Lorenzo Coveri, professore dell’Accademia, è stato intercettato da Il Corriere della Sera per commentare i testi del Festival di Sanremo 2025 e il giudizio non è estremamente positivo. «Canzoni piatte, voti piatti. Mi adeguo. Forse sarà anche colpa del fatto anche quest’anno ci sono sempre gli stessi 11 autori per due terzi dei brani: tutta questa omogeneità porta a un appiattimento generale. Ormai è una tendenza al Festival…».
Tra i giudizi positivi, quelli a Brunori Sas e Lucio Corsi. “Brunori Sas letterario, con immagini sofisticate, figure retoriche di livello. Interessante, intimo, autobiografico, nel parlare della gioia e della responsabilità di mettere al mondo una figlia”. Ma anche Lucio Corsi: “Il testo più fresco di tutta la rassegna: 9 anche a lui. Usa immagini inattese, giovanilismi e gergo in modo intelligenti, l’ironia”, un po’ a sorpresa Shablo: “Originale, esce dai binari”.
«Il testo peggiore? Quello dei Modà. Versi pesantissimi, lunghissimi, più che una canzone sembra la predica di un prete. Convivere con il senso di che sarebbe stato / parlare di coraggio quando sai che non lo hai avuto… siamo al limite dell’incomprensibile. Fa cadere le braccia. Ma anche Marcella Bella…».
«Poi abbiamo dei rapper che si adeguano al tono medio e mainstream della kermesse, per niente trasgressivi: il famigerato Tony Effe canta una stornellata che non fa male a nessuno. Tutto il resto – l’80% delle canzoni – viaggia su un linguaggio familiare popolare e colloquiale, ormai lontano dal vecchio stile della canzonetta».
Non passano l’esame Francesco Gabbani (“senza infamia e senza lode”), Elodie (“testo pessimo, come se parlasse a telefono. Prosa di una banalità sconcertante”) e poi c’è Fedez: “Diamo 6 a un testo deprimente che parla di depressione, si salva qualche giochetto di parole sui nomi dei farmaci, poi rime discutibili come carne viva. Cita Mary Poppins col cianuro al posto della pillola che va giù. Mi cadono le braccia”.
“Il fatto che i testi di Sanremo contengano un numero ridotto di lessemi, che ricorrono molte volte, non è di per sé indice di un basso livello qualitativo sul piano linguistico anche se, certo, viene voglia di mettere in rapporto questo dato con la povertà lessicale delle ultime generazioni, che viene spesso lamentata e che certamente un fondamento”. Lo afferma il linguista Paolo D’Achille all’Adnkronos.
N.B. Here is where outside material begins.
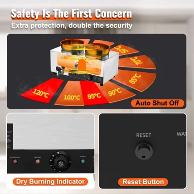 Additional Security: We have upgraded our food warmer with newly designed “Dry Burning Indicator” and “Reset Button”. The dry-burning indicator function automatically stops heating the food when the temperature exceeds 248°F (120°C). To resume operations, simply refill the water and press the Reset Button.
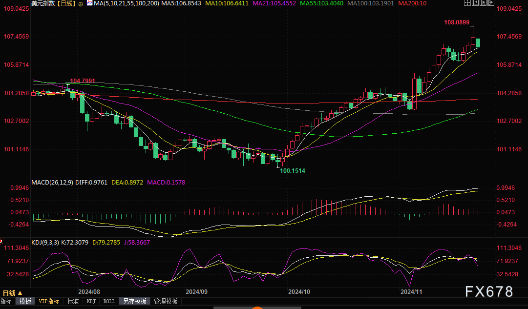 因为市场对美联储12月降息预期持续降温,美元指数上周五曾触及两年高点 108.09。

“Né sorprende la classifica delle parole più spesso ricorrenti: che ‘amore’ – ha continuato – sia anche quest’anno la più frequente non stupisce, come non stupiscono le alte posizioni di ‘occhi’ e, più distanziate, di ‘vita’ e di ‘cuore’; e neppure la prevalenza di ‘mamma’ più ‘madre’ su padre (papà manca del tutto). Molto probabilmente la stessa cosa è avvenuta già in molte edizioni precedenti, se non proprio in tutte – spiega il presidente dell’Accademia della Crusca – Appena più significativo è il primato, tra i verbi, di ‘chiamare’, che ormai da decenni si usa invece di ‘telefonare’ (oggi dallo smartphone, certo)”.
Nelle coppie avverbiali e pronominali che vengono confrontate, il fatto che “mai” prevalga su “sempre”, “niente” su “tutto”, “male” su “bene”, “solo” su “insieme”, sostiene il professor D’Achille, “sembra effettivamente indicare un orientamento dei cantautori (o dei parolieri) verso atteggiamenti pessimisti più che ottimisti, ma bisognerebbe vedere i contesti d’uso, le distribuzioni delle parole tra le diverse canzoni (che opportunamente viene rilevata nel caso di ‘cuoricini’, le cui occorrenze si concentrano nel testo della canzone dei Coma Cose). Forse, più che il dato quantitativo, sarebbe importante il dato qualitativo, che consideri cioè le parole che, anche se documentate da un unico esempio o da due, costituiscono delle presenze inattese in canzoni festivaliere”.